New protein-coding genes

Release 3 contains a total of 802 new protein-coding genes (Table 1), that is, gene models that show no overlap with exons in Release 2. Of these, 55 (7%) are based solely on gene-prediction data, and 20 of these 55 are based on GENSCAN predictions alone. Unlike Releases 1 and 2, which relied heavily on Genie [3], Release 3 annotations did utilize GENSCAN predictions (with at least one exon with a score > 45) in the absence of other data. The majority of the new genes show matches to EST (573; 71%) or full-insert cDNA sequences (273; 34%), indicating the importance of these alignments in identifying new genes missed by the ab initio gene prediction programs. An additional set of new genes was identified by the community in error reports (52; 7%) or in GenBank/EMBL/DDBJ submissions (58; 7%). Finally, we created 338 (42%) new annotations in Release 3 using protein homology data from BLASTX analysis, arising from the comparison of translated Release 3 sequence with sequence of other proteins in Drosophila or other model organisms, in the absence of other supporting data.

Release 3 sequence 'finishing' had the largest impact on areas of repetitive sequence, because the Release 2 WGS sequence assembly often collapsed these regions [17]. Duplicated sequences present assembly challenges to genome sequencing efforts; tandemly duplicated genes tend to collapse in sequence assembly and cannot be annotated until the duplications are resolved. Whole-genome analysis of the Release 2 sequence suggested that Drosophila has fewer newly duplicated genes than nematodes or yeast [41]. We investigated whether sequence finishing might have uncovered previously undiscovered duplicated genes in Drosophila. From this analysis, we found that the number of newly duplicated genes is more similar to C. elegans and Saccharomyces cerevisiae than previously believed.

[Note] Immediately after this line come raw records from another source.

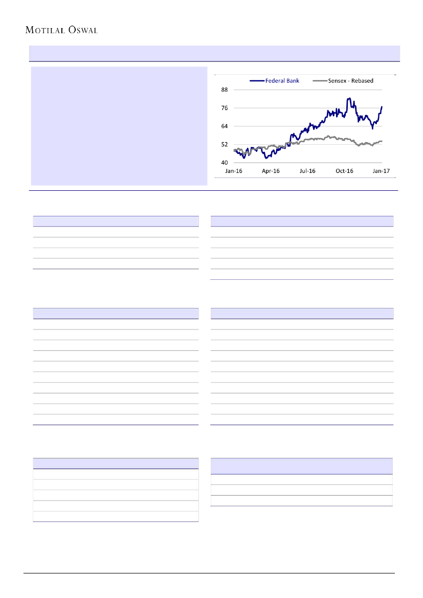 Federal Bank’s (FB) 3QFY17 PAT grew 26% YoY to INR2.05b (10% beat), led by
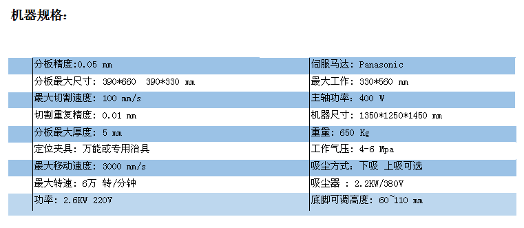 分板精度:0.05 mm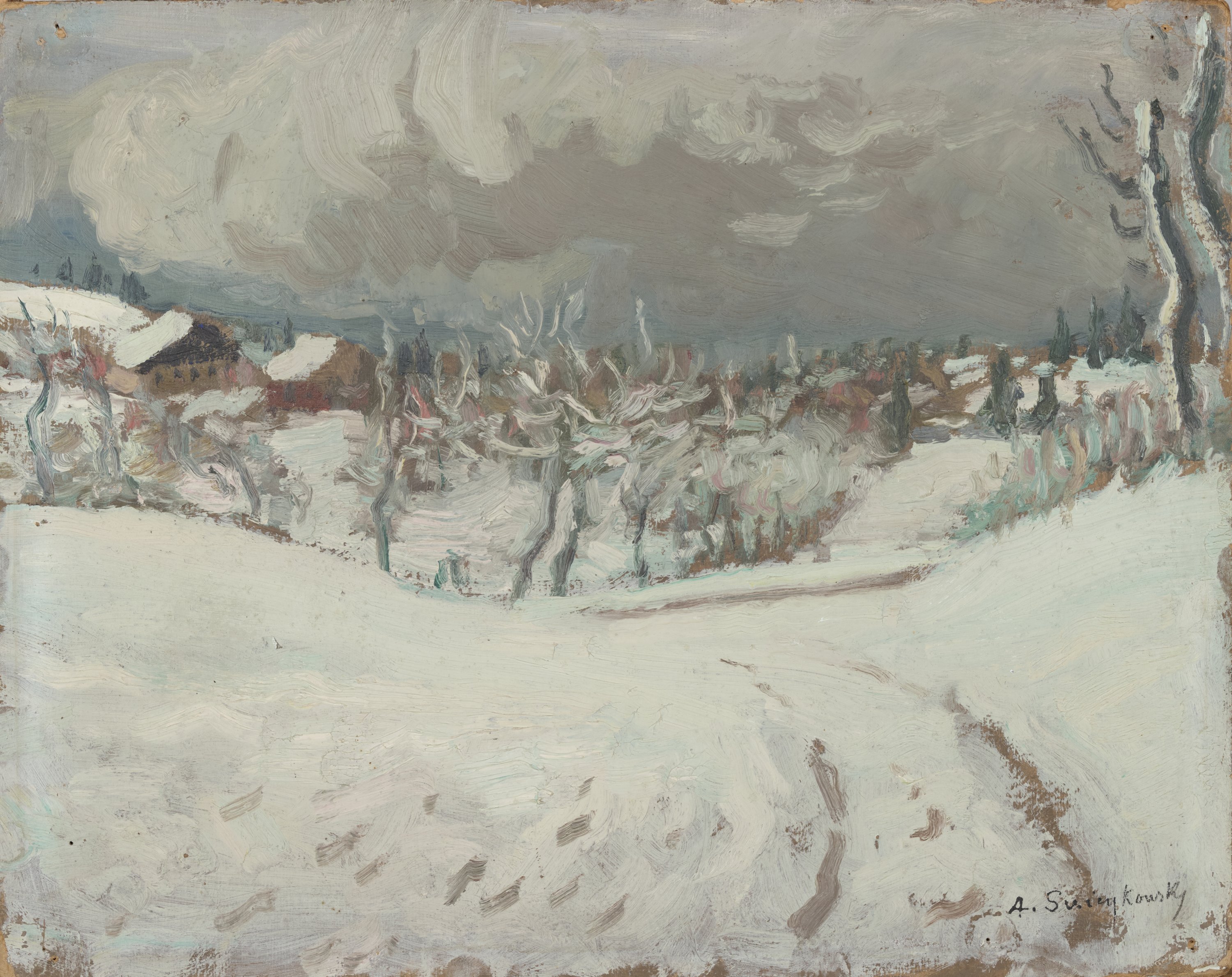 Né à Paris d'un père russo-polonais et d'une mère belge, Alfred Swieykowski étudie dans l'atelier de Fernand Cormon. Néanmoins, il se détache de l'enseignement du maître par sa touche post-impressionniste. Son attrait pour les paysages en général, et les vues enneigées en particulier, résulte notamment de séjours en Savoie qu'il effectue avec ses parents à Maraîches, dans la région d'Evian. Il ne cesse de représenter ces paysages ainsi que des vues de Ferrière-sur-Risle sous la neige (voir "Alfred Swieykowki. Naissance d'une collection", cat.exp., Chatou, Musée Fournaise, 2011).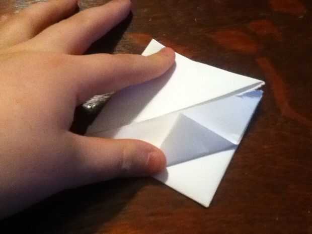 vamos a hacer una bomba de papel!Fuentes:Hoja de papel cuadradaPaso 1: doblar Plegar la parte inferior para crear un triángulo.Desplegarlo y hacer lo mismo para las otras esquinas, ábrala otra vez y verás una x en el medio.Luego doblar por la mitad.P

We measured the frequency of newly annotated duplicated genes by comparing each of the transcripts encoded by the 802 new genes in Release 3 to all Release 3 transcripts using the BLASTN program. Of the new genes, 124 (15%) have duplicate genes (75% identity, probability = 1 × e-25) somewhere in the genome (whereas 10% of a random sample of Drosophila genes have duplicates by this measure). Thirty-six new genes are in repeat regions that were collapsed in Release 2 and have now been resolved. For example, in the previously annotated ten-gene trypsin cluster on chromosome arm 2R, three new trypsin genes (CG30025, CG30028, CG30031) have been added ([17] and Figure 1).

Figure 1
figure 1

A resolved misassembly from Release 2 sequence contains new trypsin genes. This illustration and Figures 3,4,5,6,7,8 are derived from the output of the graphical annotation tool Apollo [19], but these illustrations are not intended to be a direct representation of the data used to annotate the regions. Only evidence (shown in the black panels) directly used to annotate the gene models (shown in the cyan panels) are depicted in these illustrations. The plus strand is shown above the center scale, the minus strand below the center scale. Thin lines represent introns and thick boxes represent exons. Vertical green lines in the exons represent start codons and vertical red lines represent stop codons. An 8.5-kb region of genomic sequence on chromosome arm 2R was missing in Release 2 because of an apparent misassembly that incorrectly joined two tandemly repeated trypsin genes with a concomitant deletion of the intervening sequence (region shown in gray in the center scale). The missing sequence constituted an inverted repeat of 4 kb bordered by a simple repetitive sequence (S.C., unpublished results). Resolution of this error in Release 3 has led to the annotation of three new trypsin genes (blue rectangles): CG30025 (similar to βTry), CG30028 (similar to γδTry), and CG30031 (similar to γδTry). Gene-prediction data (dark purple for Genie and lavender for GENSCAN), cDNA data (dark green), and BLASTX protein similarity (red for Drosophila proteins, orange for other species' proteins) support the new trypsin genes.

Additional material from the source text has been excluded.